Give the lines again exactly as they appear, from the first line of the listing through the line containing "En rund väggspegel", and omit every picture.

» **Material provided**:
● ● ● ● ● ● ●

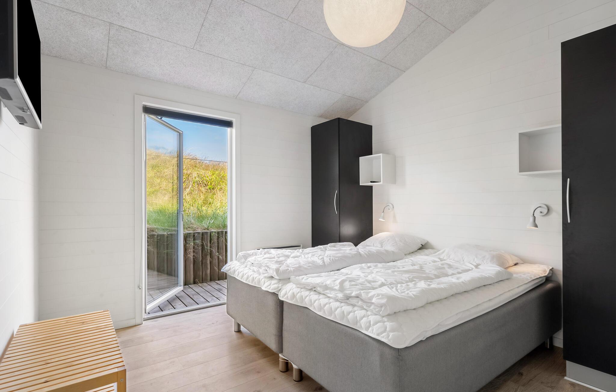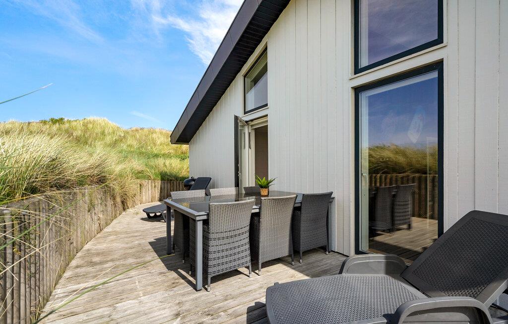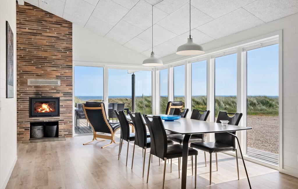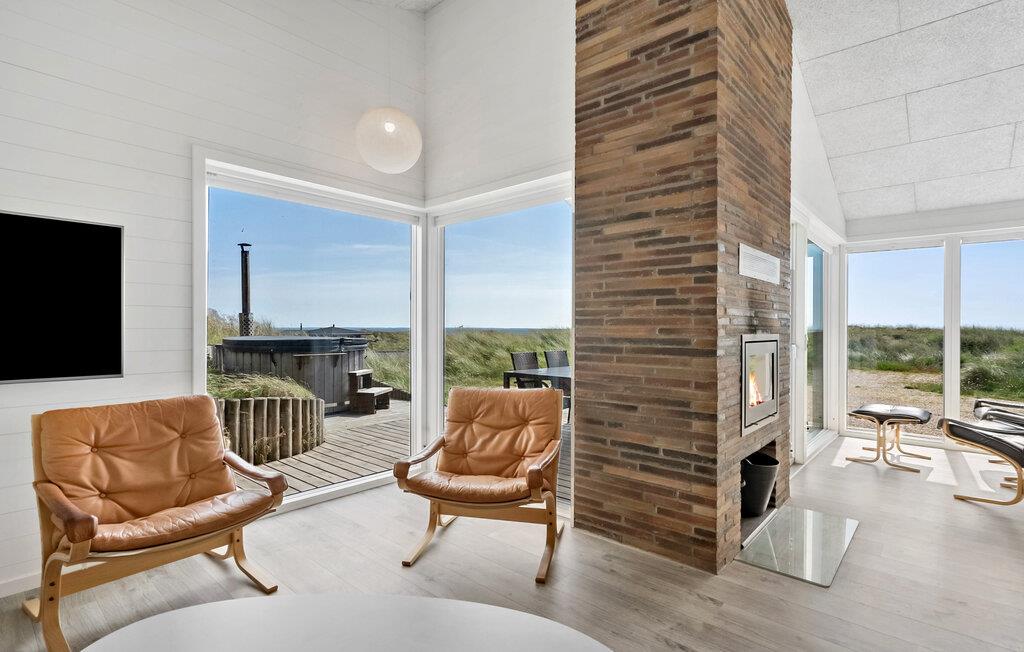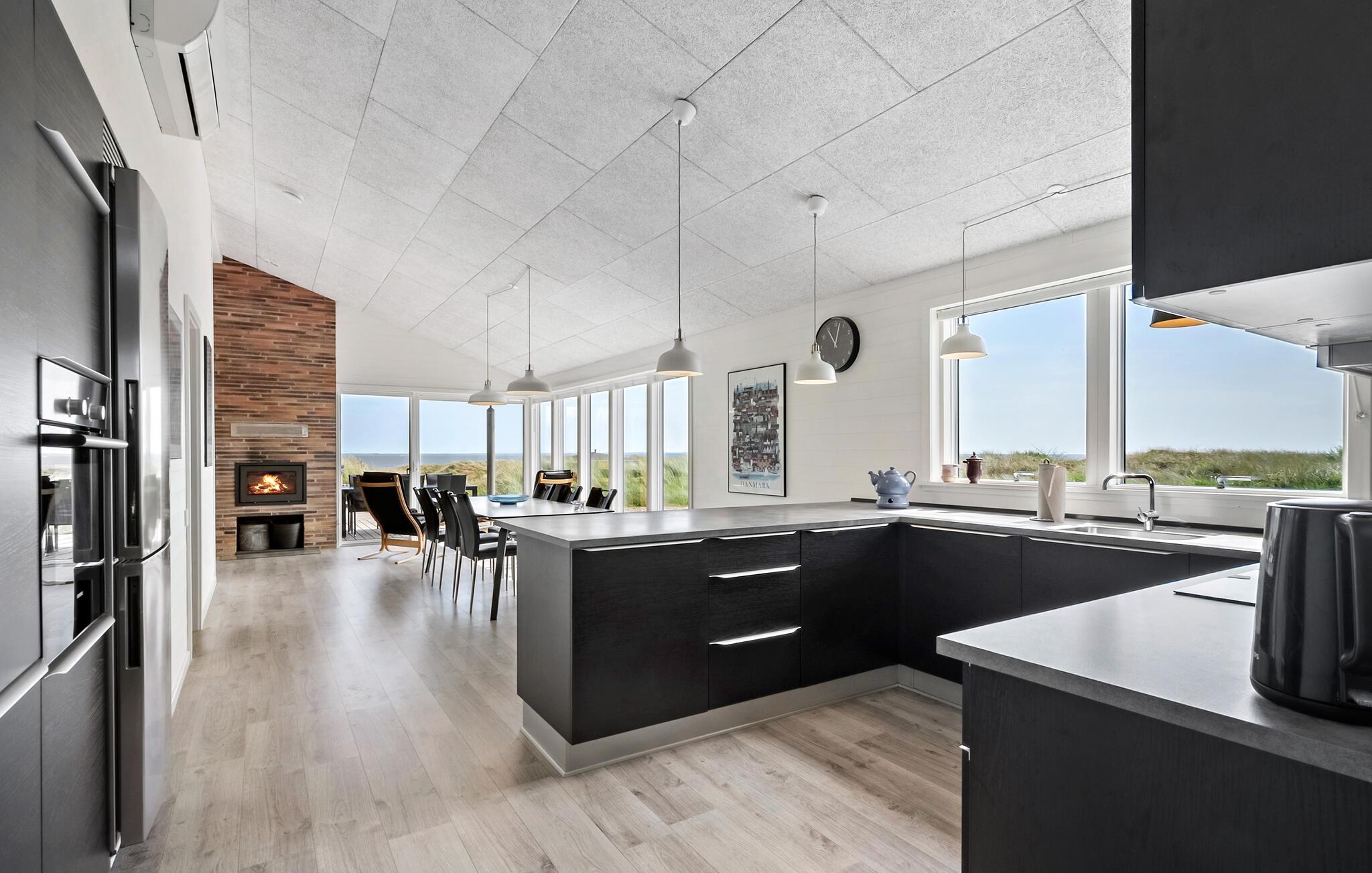 Nyd ferien i jeres feriehus, som takket være sin førsteklasses beliggenhed blandt klitterne giver jer uhindret udsigt helt ned til Vesterhavet. Huset kombinerer moderne bekvemmeligheder med en hyggelig atmosfære, der sørger det bedste betingelser for afslapning og hyggelige aktiviteter. Find jer til rette i den rummelige opholdsstue med brændeovn og store vinduer. Lad blikket vandre over landskabet, slap af i de komfortable sofaer eller læs en bog i en af ??lænestolene med udsigt. Den åbne spiseplads med masser af naturligt lys og udsigt over naturen er det optimale sted til fælles måltider. Tilbered lækre retter med havudsigt i det moderne, åbne køkken. Aktivitetsrummet med billardbord sørger for underholdning, mens saunaen lægger op til at slappe af.
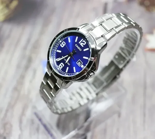 OPIS: Zegarek damski Casio LTP-V004D-2B to wyjątkowy wyraz subtelności i elegancji dla nowoczesnych kobiet. Jego srebrna wykonana ze stali szlachetnej bransoleta
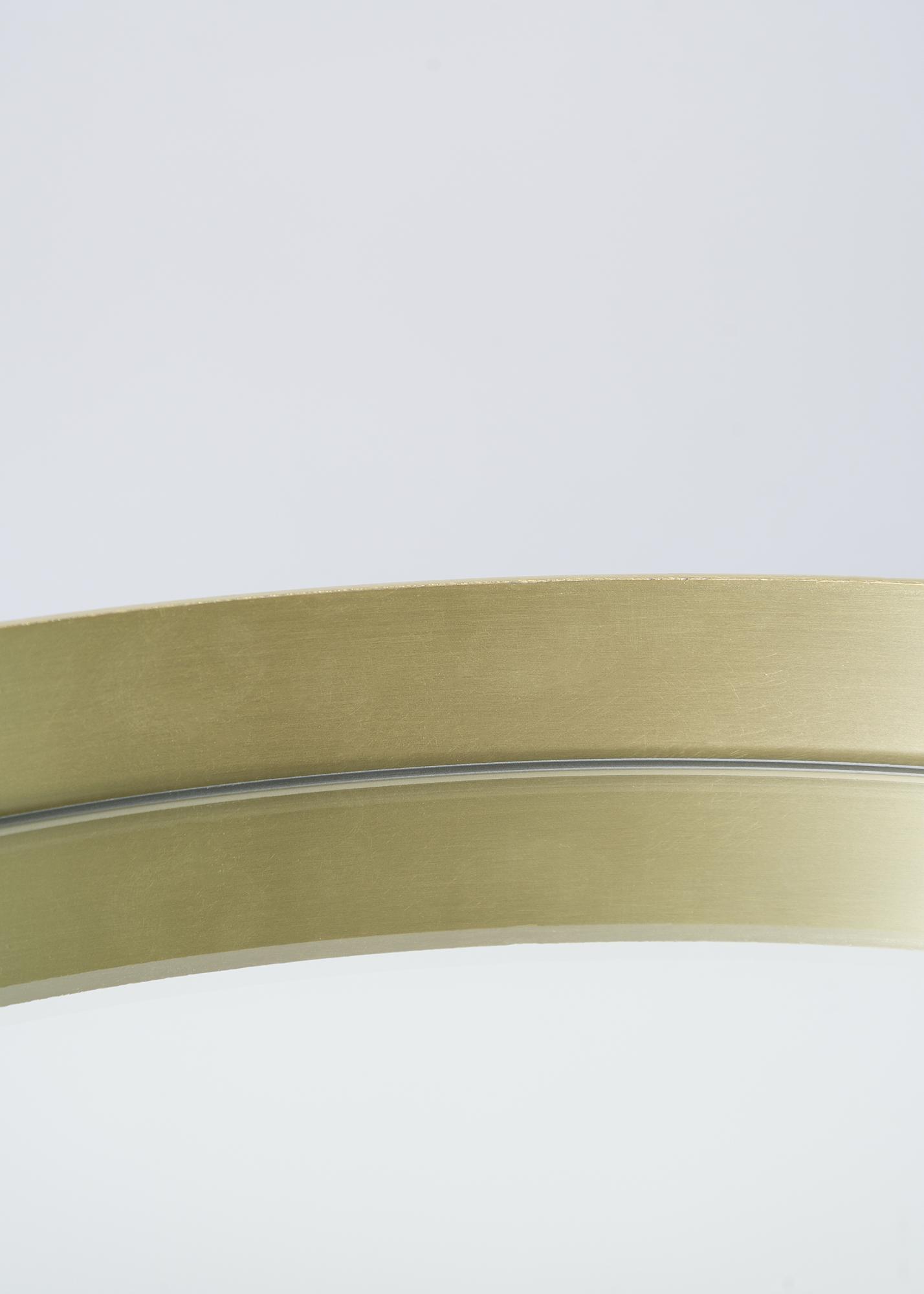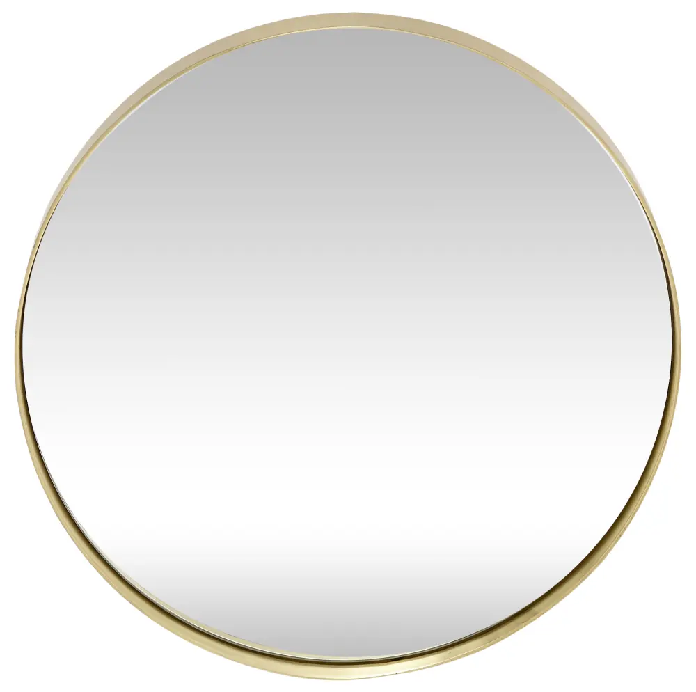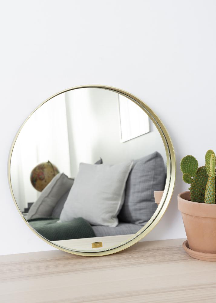 En rund väggspegel med en inbjudande och exklusiv känsla. Spegeln omges av en mässingsfärgad metallram. En ram som är tunn och stilren, samtidigt som den har en några centimeter hög kant som ger en smakfull effekt på helheten.
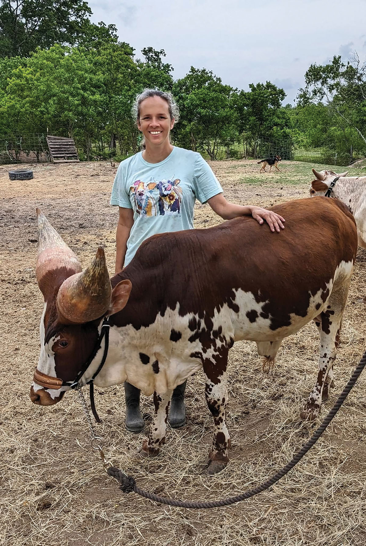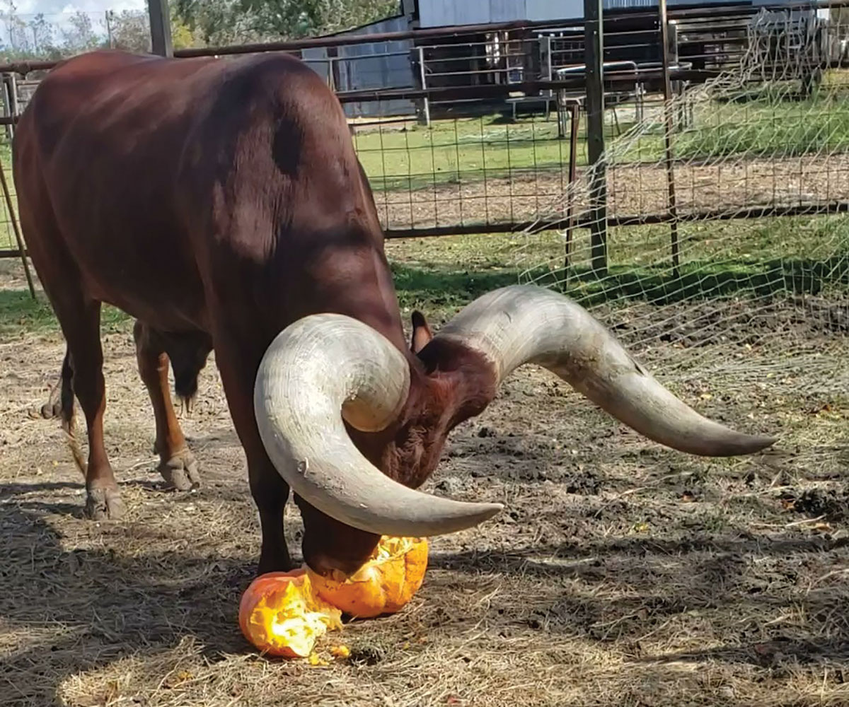 The most famous resident at Triangle B is Oliver the Watusi, a 21-year-old Watusi steer whose horns measure almost 10 feet from tip to tip and are over 26 inches each in diameter. Oliver is a gentle giant, hand-raised by Vincent, who even used to saddle him up and ride him in parades. Oliver recently retired. Last month was his last as the mascot on the Texas Motorplex in Ennis, where his fans could buy a plushie toy made in his likeness. Oliver has received two million likes on TikTok and has thousands of followers on his social-media platforms.
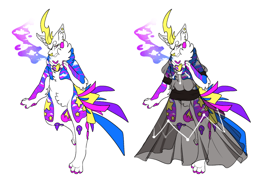 Bought this adoptable, drew him an anthro ref! He's an apprentice to a dream goddess.
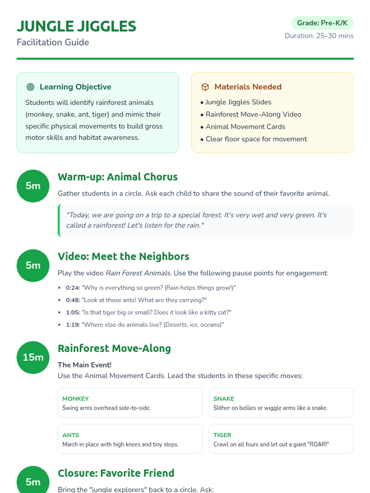 A high-energy Pre-K lesson focused on physical activity, featuring a guided video segment and a movement-based dice game to get students active and engaged.
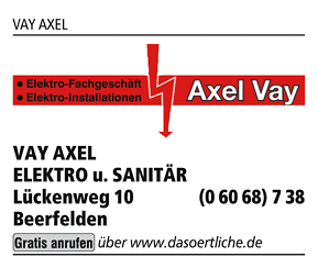 Die Adresse von VAY AXEL lautet: Lückenweg 10, 64760 Oberzent
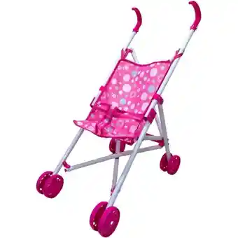 Es de metalCoche para muñeca diseño de paraguasEdad sugerida: 2+Divertido coche de metal de 4 ruedas para pasear a tu muñeca, con diseño de apertura estilo paraguas para mayor comodidad al momento de llevar a pasear.alto 52ancho 26largo 49 Al recibir el producto verifique el estado del mismo, si evidencia que se encuentra fracturado, rayado, sucio, deteriorado, incompleto o presenta fallas en su funcionamiento comuníquese inmediatamente con nosotros para dar solución al problema. Importante: Mientras damos solución por favor no haga uso del producto hasta tener una respuesta. La garantía del producto solo es válida por defectos de fábrica no por el uso inadecuado del mismo.

● ● ● ● ● ● ●

» **Exercise output**:
 Nyd ferien i jeres feriehus, som takket være sin førsteklasses beliggenhed blandt klitterne giver jer uhindret udsigt helt ned til Vesterhavet. Huset kombinerer moderne bekvemmeligheder med en hyggelig atmosfære, der sørger det bedste betingelser for afslapning og hyggelige aktiviteter. Find jer til rette i den rummelige opholdsstue med brændeovn og store vinduer. Lad blikket vandre over landskabet, slap af i de komfortable sofaer eller læs en bog i en af ??lænestolene med udsigt. Den åbne spiseplads med masser af naturligt lys og udsigt over naturen er det optimale sted til fælles måltider. Tilbered lækre retter med havudsigt i det moderne, åbne køkken. Aktivitetsrummet med billardbord sørger for underholdning, mens saunaen lægger op til at slappe af.
 OPIS: Zegarek damski Casio LTP-V004D-2B to wyjątkowy wyraz subtelności i elegancji dla nowoczesnych kobiet. Jego srebrna wykonana ze stali szlachetnej bransoleta
 En rund väggspegel med en inbjudande och exklusiv känsla. Spegeln omges av en mässingsfärgad metallram. En ram som är tunn och stilren, samtidigt som den har en några centimeter hög kant som ger en smakfull effekt på helheten.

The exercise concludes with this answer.